Unobserved Variables – Models and Misunderstandings
This is a neat little book in the Springer Briefs in Statistics series. The author is David J Bartholomew, a former statistics professor at the LSE. I wrote a brief goodreads review, but I thought that I might as well also add a post about the book here. The book covers topics such as the EM algorithm, Gibbs sampling, the Metropolis–Hastings algorithm and the Rasch model, and it assumes you’re familiar with stuff like how to do ML estimation, among many other things. I had some passing familiarity with many of the topics he talks about in the book, but I’m sure I’d have benefited from knowing more about some of the specific topics covered. Because large parts of the book is basically unreadable by people without a stats background I wasn’t sure how much of it it made sense to cover here, but I decided to talk a bit about a few of the things which I believe don’t require you to know a whole lot about this area.

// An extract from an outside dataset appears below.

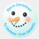 Customisez la tête de ce mignon bonhomme de neige en utilisant votre propre texte et transformez cet autocollant rond en étiquette cadeau de Noël le plus cool jamais!
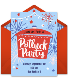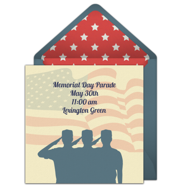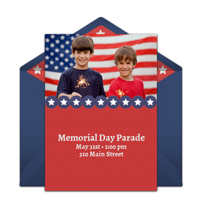 Memorial Day invitations are a great way to spread the word that you plan to host a special celebration such as a cookout or parade watching party. Select Memorial Day invites that display an American flag and the colors red, white and blue. Punchbowl has a variety of free Memorial Day invitations in a range of designs fit for the occasion. Here are just a few of the patriotic themed invites that can be customized for your Memorial Day party:

“Modern statistics is built on the idea of models—probability models in particular. [While I was rereading this part, I was reminded of this quote which I came across while finishing my most recent quotes post: “No scientist is as model minded as is the statistician; in no other branch of science is the word model as often and consciously used as in statistics.” Hans Freudenthal.] The standard approach to any new problem is to identify the sources of variation, to describe those sources by probability distributions and then to use the model thus created to estimate, predict or test hypotheses about the undetermined parts of that model. […] A statistical model involves the identification of those elements of our problem which are subject to uncontrolled variation and a specification of that variation in terms of probability distributions. Therein lies the strength of the statistical approach and the source of many misunderstandings. Paradoxically, misunderstandings arise both from the lack of an adequate model and from over reliance on a model. […] At one level is the failure to recognise that there are many aspects of a model which cannot be tested empirically. At a higher level is the failure is to recognise that any model is, necessarily, an assumption in itself. The model is not the real world itself but a representation of that world as perceived by ourselves. This point is emphasised when, as may easily happen, two or more models make exactly the same predictions about the data. Even worse, two models may make predictions which are so close that no data we are ever likely to have can ever distinguish between them. […] All model-dependant inference is necessarily conditional on the model. This stricture needs, especially, to be borne in mind when using Bayesian methods. Such methods are totally model-dependent and thus all are vulnerable to this criticism. The problem can apparently be circumvented, of course, by embedding the model in a larger model in which any uncertainties are, themselves, expressed in probability distributions. However, in doing this we are embarking on a potentially infinite regress which quickly gets lost in a fog of uncertainty.”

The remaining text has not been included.